Repository files navigation

FileUtils

A Python utility package for consistent file operations across local and Azure storage, with enhanced support for various data formats and flexible configuration options.

Features

  • Unified Storage Interface

    • Seamless operations across local and Azure Blob Storage
    • Consistent API regardless of storage backend
    • Automatic directory structure management
  • Comprehensive File Format Support

    • Tabular Data: CSV (with delimiter auto-detection), Excel (.xlsx, .xls) with multi-sheet support, Parquet (with compression options)
    • Document Formats: Microsoft PowerPoint (.pptx), Microsoft Word (.docx) with template support, Markdown (.md) with YAML frontmatter, PDF (read-only text extraction)
    • Multi-Purpose Formats: JSON and YAML support both DataFrame storage and structured document handling with automatic pandas type conversion
    • Excel ↔ CSV Round-Trip: Convert Excel workbooks to CSV files with structure preservation, and reconstruct Excel workbooks from modified CSV files
  • Advanced Data Handling

    • Single and multi-DataFrame operations
    • Automatic format detection
    • Flexible data orientation options
    • Customizable save/load options per format
    • Dynamic Subdirectory Creation: Specify nested subdirectories for saving files on the fly using the sub_path parameter.
    • File Format Handling: Loads data based on file extension; includes CSV delimiter auto-detection during load.
  • Robust Infrastructure

    • YAML-based configuration system
    • Comprehensive error handling
    • Detailed logging with configurable levels
    • Type hints throughout the codebase

New in v0.8

  • Python 3.11+ support (required)
  • Convenience: FileUtils.save_bytes(...) for saving raw bytes (e.g., images)
  • Typed enums for directories: InputType, OutputArea
  • Optional structured results via structured_result=True returning SaveResult
  • Helper: FileUtils.open_run(prefix, customer) -> (sub_path, run_id)
  • Deprecations: save_dataframes(file_format=...), utils.common.get_logger, FileUtils._get_default_config()

New in v0.8.3

  • File System Operations:
    • file_exists(): Check if files exist without raising exceptions
    • list_directory(): List files and directories with pattern filtering
    • Enhanced create_directory(): More flexible directory creation with new signature (backward compatible)

Installation

You can install directly from GitHub and choose the installation option that best suits your needs:

# Basic installation
pip install git+https://github.com/topij/FileUtils.git

# With specific features
pip install 'git+https://github.com/topij/FileUtils.git#egg=FileUtils[azure]'
pip install 'git+https://github.com/topij/FileUtils.git#egg=FileUtils[all]'

Quick Start

from FileUtils import FileUtils, OutputFileType

# Initialize with local storage
file_utils = FileUtils()

# Load data (format is auto-detected)
df = file_utils.load_single_file("data.csv", input_type="raw")

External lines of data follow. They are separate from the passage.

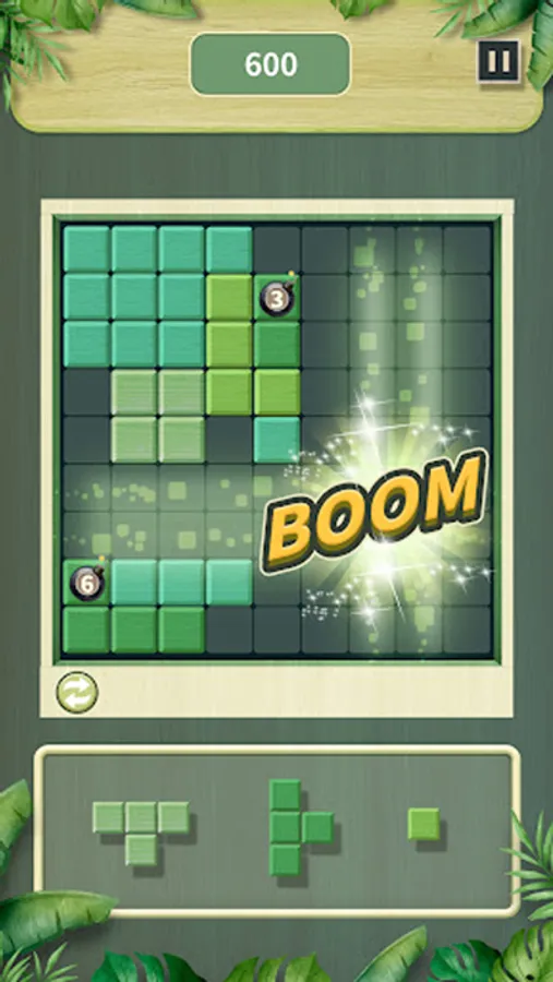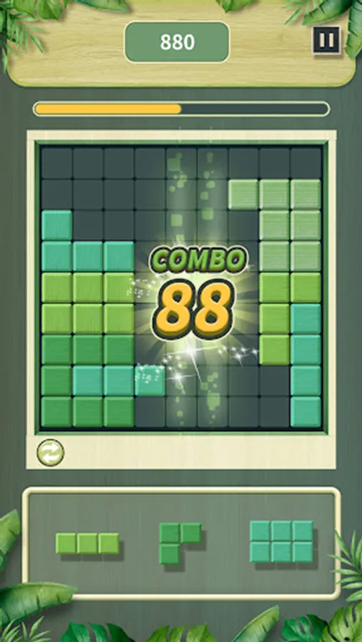 Place blocks in the 9x9 board and fill rows, columns or squares to clear them from the game. Drag and drop blocks onto the board to fill a row or column to complete elimination and clearing multiple rows or columns at once will produce a cool elimination animation as well as extra points. The more COMBOs you perform, the more points you get. It is up to your logical skills and layout strategy if you want to score high points. Test your IQ and exercise your brain in Woody Block - Green Wood Puzzle!
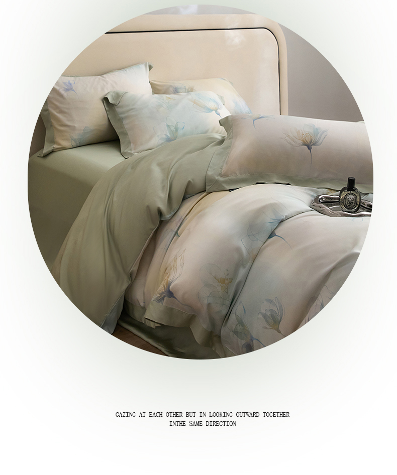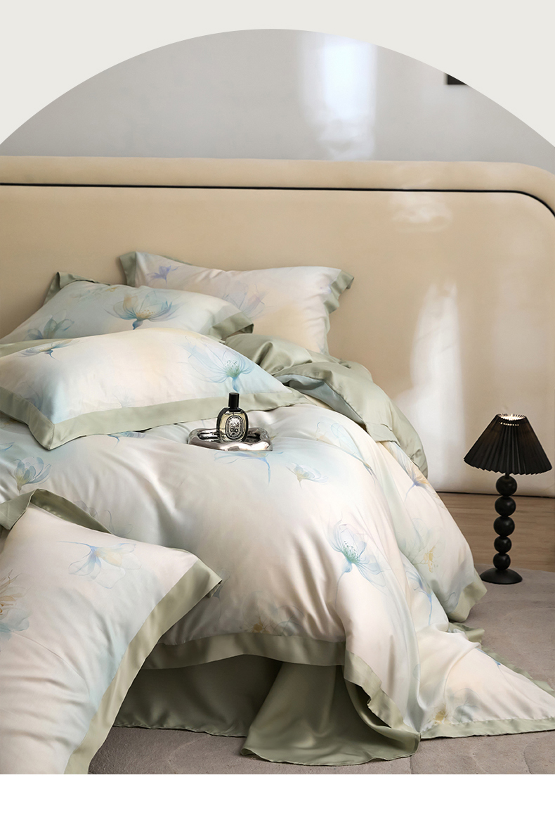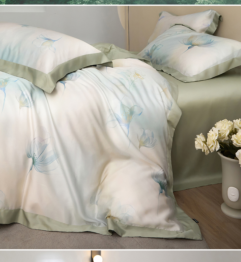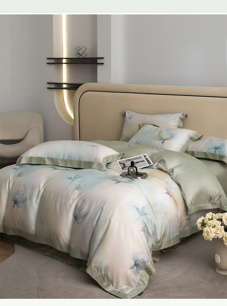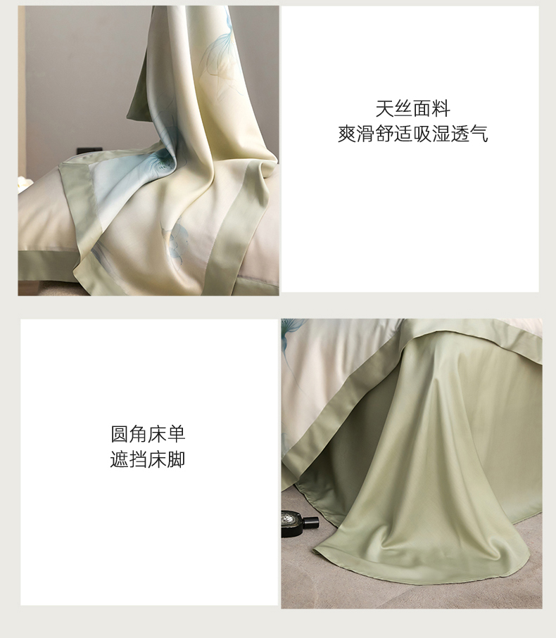 (总)薏思家纺 2025新款全棉100支数码印花生态磨毛轻奢款四件套-花边系列,橘子海,向云端,寻野-绿
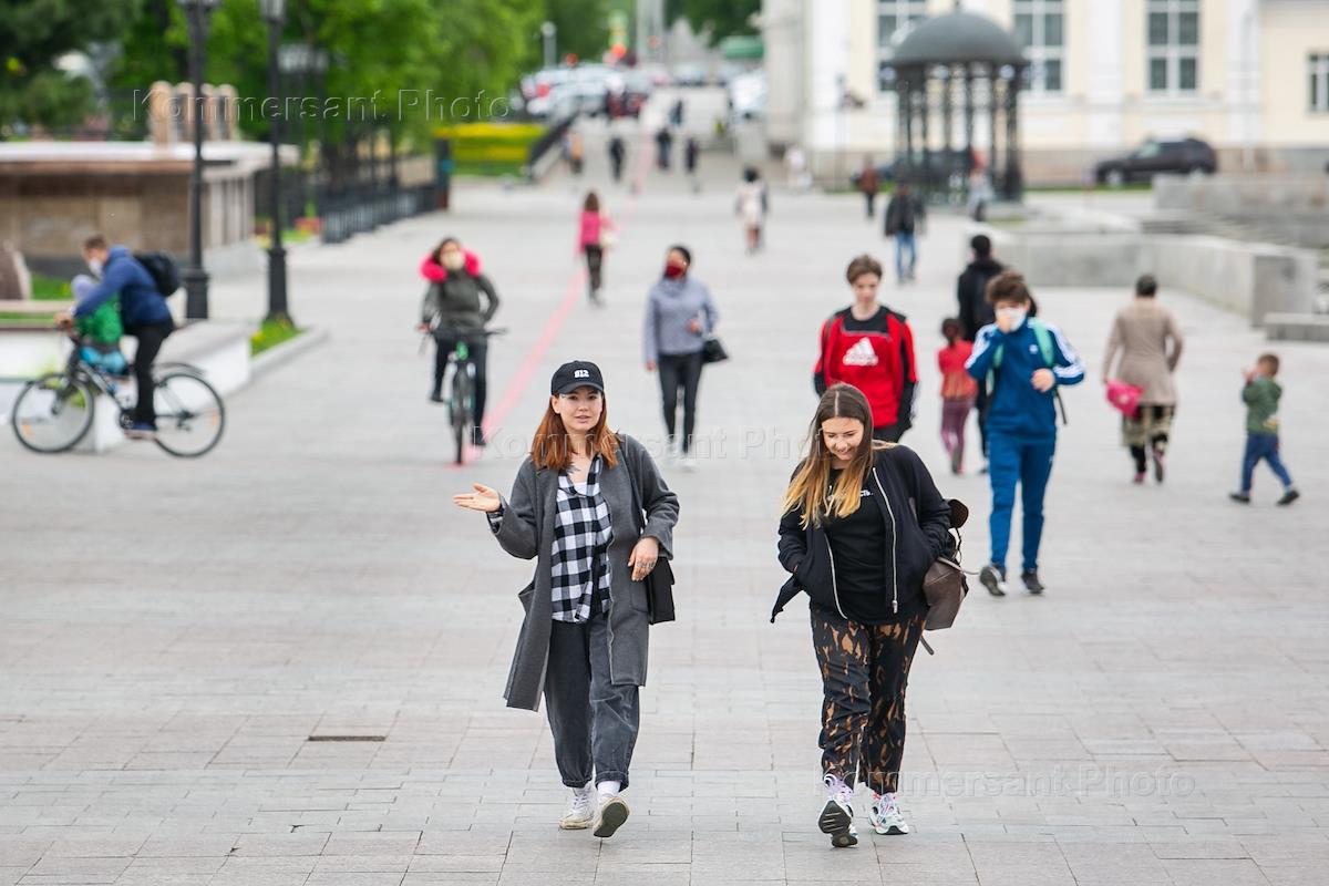 Екатеринбург во время режима самоизоляции из-за опасности распространения коронавирусной инфекции COVID-19. Жанровая фотография. Прохожие на улице.
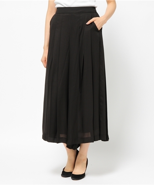 トレンドのプリーツスカートとガウチョパンツを合わせたような、いいとこ取りしたスカーチョ♪ はくだけで旬のスタイルになり、背面は、ゴムが効いており ストレスのないラクチンな着用感◎
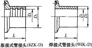 不锈钢胀接式和焊接式管接头结构见图4-14-23,规格见表4-14-28。
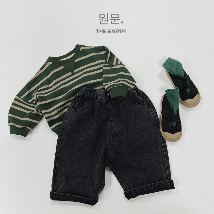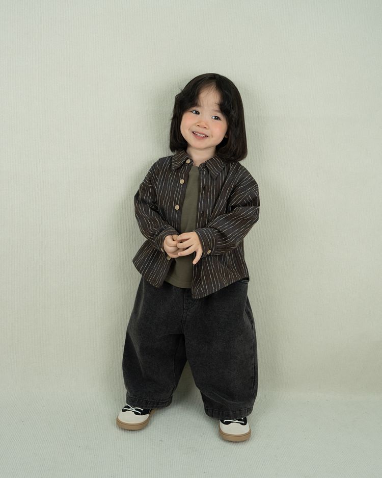어린이 바지 가을 새로운 소년과 소녀 한국어 단색 복고풍 데님 바지 아기 간단한 데님 와이드 레그 바지

# Save as JSON with custom options
file_utils.save_data_to_storage(
    data=df,
    file_name="output",
    output_type="processed",
    output_filetype=OutputFileType.JSON,
    orient="records",  # Save as list of records
)

# Save multiple DataFrames to Excel
data_dict = {
    "Sheet1": df1,
    "Sheet2": df2
}
file_utils.save_data_to_storage(
    data=data_dict,
    file_name="multi_sheet",
    output_type="processed",
    output_filetype=OutputFileType.XLSX
)

# Save to a dynamic subdirectory
file_utils.save_data_to_storage(
    data=df,
    file_name="report_data",
    output_type="processed",
    output_filetype=OutputFileType.CSV,
    sub_path="analysis_run_1/summaries" # New subdirectory
)
# File saved to: data/processed/analysis_run_1/summaries/report_data_<timestamp>.csv

# Load data from the dynamic subdirectory
loaded_report = file_utils.load_single_file(
    file_path="report_data.csv", # Just the filename
    input_type="processed",
    sub_path="analysis_run_1/summaries" # Specify the sub_path
)

# Save raw bytes (e.g., PNG) and get the path/URL if cloud-backed
from FileUtils.core.enums import OutputArea
chart_path = file_utils.save_bytes(
    content=png_bytes,
    file_stem="chart_q1",
    sub_path="runs/acme/images",
    output_type=OutputArea.PROCESSED,  # or "processed"
    file_ext="png",
)

# Structured results (SaveResult) for easier downstream handling
from FileUtils import SaveResult
res_map, _ = file_utils.save_data_to_storage(
    data={"Sheet1": df1, "Sheet2": df2},
    output_filetype=OutputFileType.XLSX,
    file_name="multi_sheet",
    structured_result=True,
)
first: SaveResult = next(iter(res_map.values()))
print(first.path, first.url)

# Typed enums for directories
from FileUtils.core.enums import InputType
doc = file_utils.load_document_from_storage("readme.md", input_type=InputType.RAW)

# Standardize run folders
sub_path, run_id = file_utils.open_run(sub_path_prefix="presentations", customer="ACME")
print(sub_path, run_id)

# File system operations (v0.8.3+)
# Check if file exists (never raises exceptions)
if file_utils.file_exists("config.yml", input_type="config", sub_path="ACME"):
    config = file_utils.load_yaml("config.yml", input_type="config", sub_path="ACME")

# List files in directory with pattern filtering
config_files = file_utils.list_directory(
    input_type="config", 
    sub_path="ACME", 
    pattern="*.yml"
)

# Enhanced directory creation
dir_path = file_utils.create_directory(
    "charts", 
    input_type="processed", 
    sub_path="presentations/ACME/run123"
)

Logging Control

FileUtils logs operations at INFO level by default. For automation scripts and structured output scenarios (JSON, XML, etc.), you can control logging verbosity:

Quiet Mode

# Suppress all logging except CRITICAL errors
fu = FileUtils(quiet=True)

# Perfect for JSON output scenarios
import json
result = fu.save_data_to_storage(data, output_filetype=OutputFileType.JSON, ...)
print(json.dumps({"status": "success", "files": result}))

Custom Log Level

import logging

# Show only warnings and errors
fu = FileUtils(log_level=logging.WARNING)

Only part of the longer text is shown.